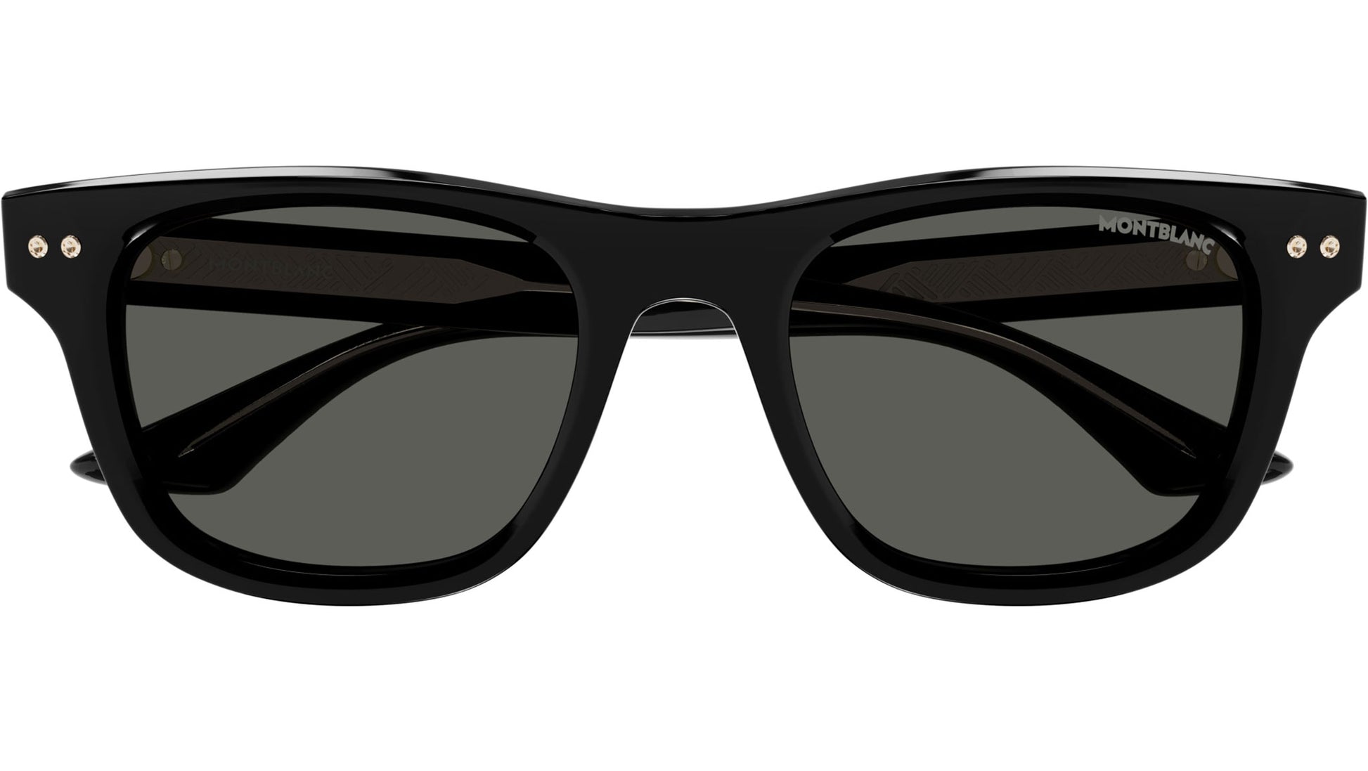 Montblanc Millennials collection sunglasses model MB0254S color code 005 featuring shiny solid black frame and polar solid grey lens.
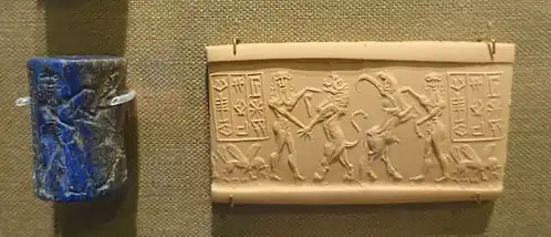 - ↑ R. M. Boehmer: Die Entwicklung der Glyptik während der Akkad-Zeit. Berlin 1965, S. 194 → Abbildung.
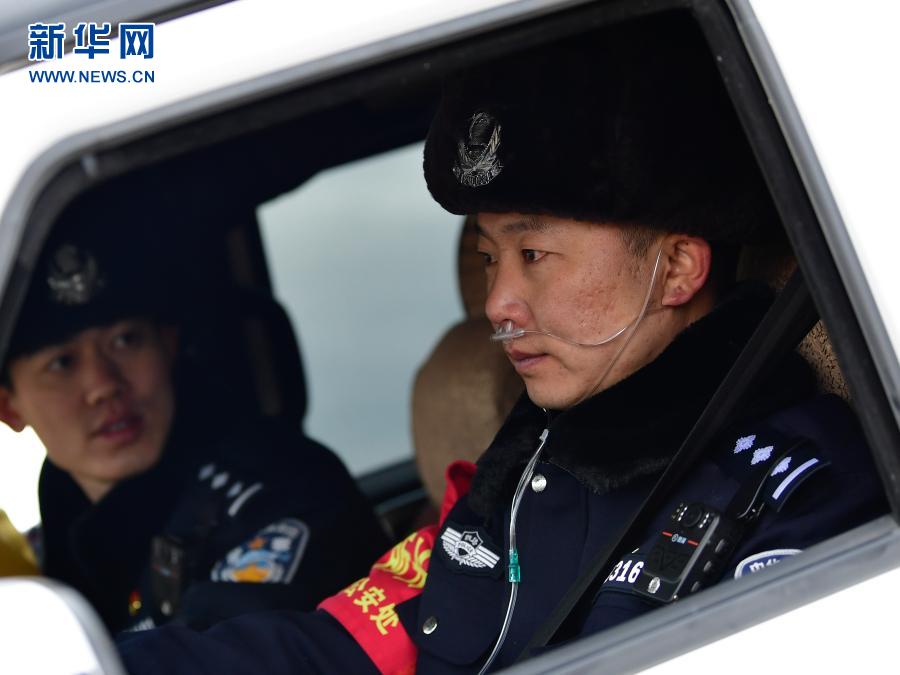 2月5日,沱沱河站派出所副所長(zhǎng)蒲海春(右)在巡線途中出現(xiàn)高原反應(yīng)后緊急吸氧。新華社記者 張龍 攝
************
▶ TASK DESCRIPTION:
Set down the line containing "- ↑ R. M. Boehmer: Die", then every later line through the end of the material, exactly as written; omit any picture.

▶ SOLUTION FOR THIS TASK:
 - ↑ R. M. Boehmer: Die Entwicklung der Glyptik während der Akkad-Zeit. Berlin 1965, S. 194 → Abbildung.
 2月5日,沱沱河站派出所副所長(zhǎng)蒲海春(右)在巡線途中出現(xiàn)高原反應(yīng)后緊急吸氧。新華社記者 張龍 攝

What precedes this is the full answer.